(Data excerpts)
+ + +

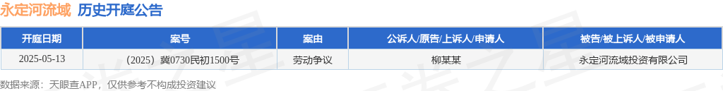本站消息,根据天眼查APP显示,近日公布了一则永定河流域投资有限公司作为被告/被上诉人的开庭公告,详细内容如下:
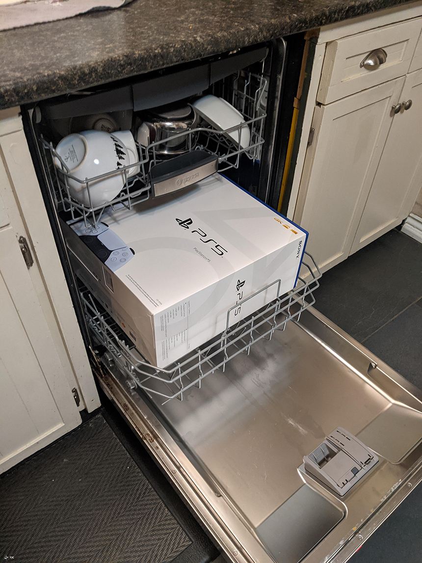 آن‌ها در اقدامی عجیب این PS۵ را در ماشین ظرفشویی خانه خود پنهان کردند. آن‌ها در توضیح این تصویر نوشتند: «ما می‌دانیم که نوجوانان هرگز قادر به پیداکردن هدیه خود در چنین مکانی نمی‌شوند!» انتشار این تصویر در شبکه اجتماعی ردیت موجب بهت و حیرت کاربران شد. یکی از کاربران نوشت: «جای این PS۵ امن و مطمئن است تا زمانی که خود والدین این نوجوان تصمیم بگیرند تا آن را به پسرشان تحویل دهند!»
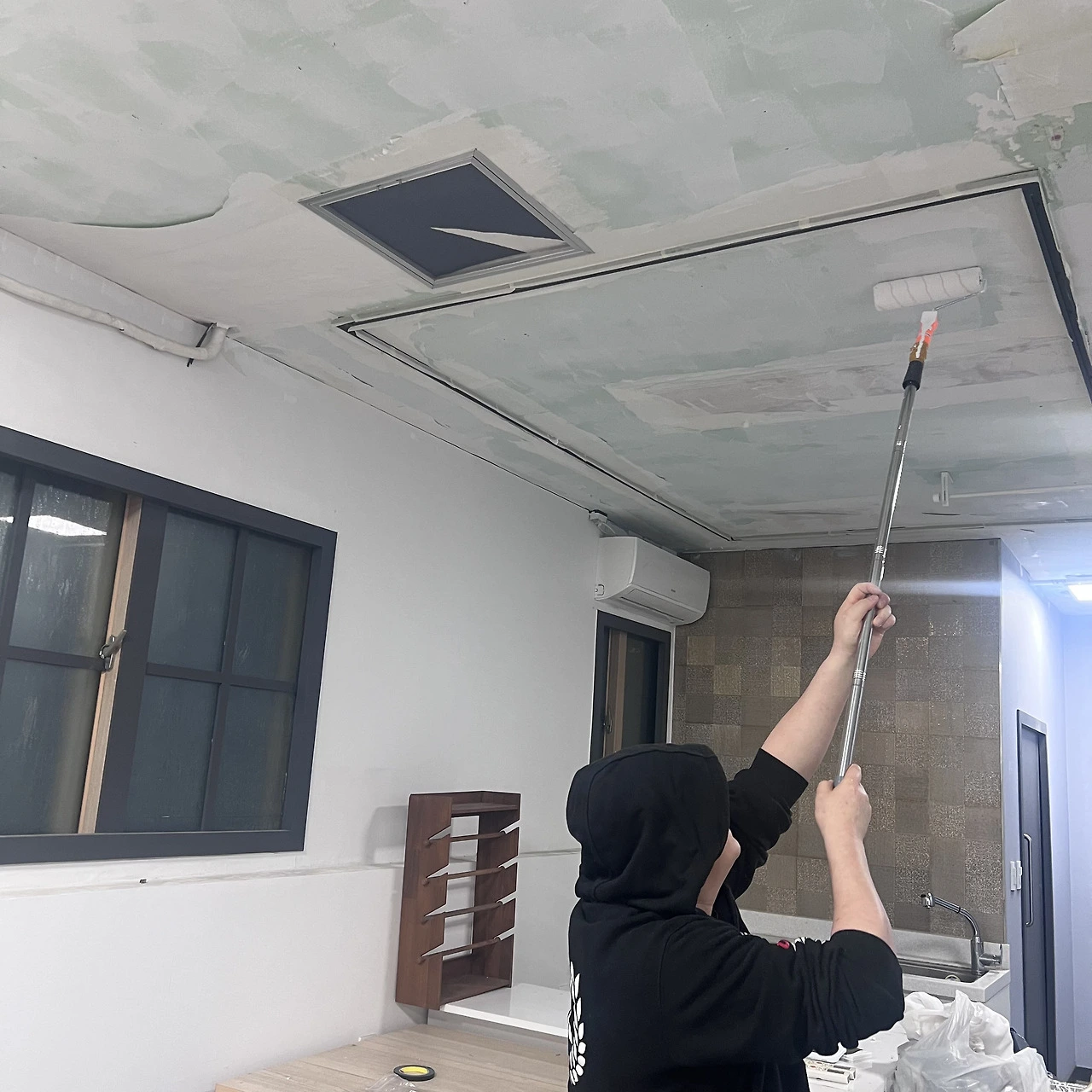 이제 천장은 구석진 대만 조금 더 칠 하면 끝날 것 같고
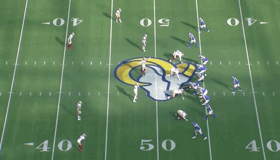 From the end zone angle, you can see another element of L.A.’s game plan that they’ll need to utilize again on Sunday. Both the running back and tight end chipped the 49ers’ edge rushers:
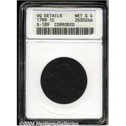 <B>1799<1C>--Corroded--ANACS. VG Details, Net Good 4.</B></I> S-189, R.3. Both LIBERTY and the date are quite boldly defined, while some weakness is noted on the reverse. The corrosion mentioned by ANACS is quite "old" and blends so nicely with the balance of the coin that we do not find this imperfection objectionable. <BR><BR><B>Important notice:</B> Heritage usually auctions material at the rate of 200-250 lots per hour. On some occasions eBay Live bid software or the Internet may not be able to keep up with the pace of the auction. We recommend placing a realistic absentee bid now as insurance to avoid disappointment. Occasionally the auctioneer may eliminate or reject an eBay Live bid, and the auctioneer may also reopen a lot after the close of the eBay live bidding (usually because we missed an audience bid), and may reject your bid even if it shows you as the winning bidder. By bidding via eBay Live, you agree that Heritage may award the lot to another bidder at its sole discretion under the circumstances described above or any other reasonable circumstances. Since eBay bids are not shown to us until we open the lot on the floor, we treat those bids just like floor bids. In most cases the floor responds before the eBay bid is presented to us, due to Internet lag time, so for consistency we have made it a policy that floor bids are always considered first over tie eBay live bids. Also please note that all Heritage lots purchased through eBay Live carry a 20% Buyer's Premium. Please make sure you read the Terms and Conditions before you bid. </span></font></tr></table></td></tr></table>

+ + +

§ **YOUR TASK**:
Every record is to be reproduced exactly, with no pictures included.

§ **RESULT OF THE EXERCISE**:
本站消息,根据天眼查APP显示,近日公布了一则永定河流域投资有限公司作为被告/被上诉人的开庭公告,详细内容如下:
 آن‌ها در اقدامی عجیب این PS۵ را در ماشین ظرفشویی خانه خود پنهان کردند. آن‌ها در توضیح این تصویر نوشتند: «ما می‌دانیم که نوجوانان هرگز قادر به پیداکردن هدیه خود در چنین مکانی نمی‌شوند!» انتشار این تصویر در شبکه اجتماعی ردیت موجب بهت و حیرت کاربران شد. یکی از کاربران نوشت: «جای این PS۵ امن و مطمئن است تا زمانی که خود والدین این نوجوان تصمیم بگیرند تا آن را به پسرشان تحویل دهند!»
 이제 천장은 구석진 대만 조금 더 칠 하면 끝날 것 같고
 From the end zone angle, you can see another element of L.A.’s game plan that they’ll need to utilize again on Sunday. Both the running back and tight end chipped the 49ers’ edge rushers:
 <B>1799<1C>--Corroded--ANACS. VG Details, Net Good 4.</B></I> S-189, R.3. Both LIBERTY and the date are quite boldly defined, while some weakness is noted on the reverse. The corrosion mentioned by ANACS is quite "old" and blends so nicely with the balance of the coin that we do not find this imperfection objectionable. <BR><BR><B>Important notice:</B> Heritage usually auctions material at the rate of 200-250 lots per hour. On some occasions eBay Live bid software or the Internet may not be able to keep up with the pace of the auction. We recommend placing a realistic absentee bid now as insurance to avoid disappointment. Occasionally the auctioneer may eliminate or reject an eBay Live bid, and the auctioneer may also reopen a lot after the close of the eBay live bidding (usually because we missed an audience bid), and may reject your bid even if it shows you as the winning bidder. By bidding via eBay Live, you agree that Heritage may award the lot to another bidder at its sole discretion under the circumstances described above or any other reasonable circumstances. Since eBay bids are not shown to us until we open the lot on the floor, we treat those bids just like floor bids. In most cases the floor responds before the eBay bid is presented to us, due to Internet lag time, so for consistency we have made it a policy that floor bids are always considered first over tie eBay live bids. Also please note that all Heritage lots purchased through eBay Live carry a 20% Buyer's Premium. Please make sure you read the Terms and Conditions before you bid. </span></font></tr></table></td></tr></table>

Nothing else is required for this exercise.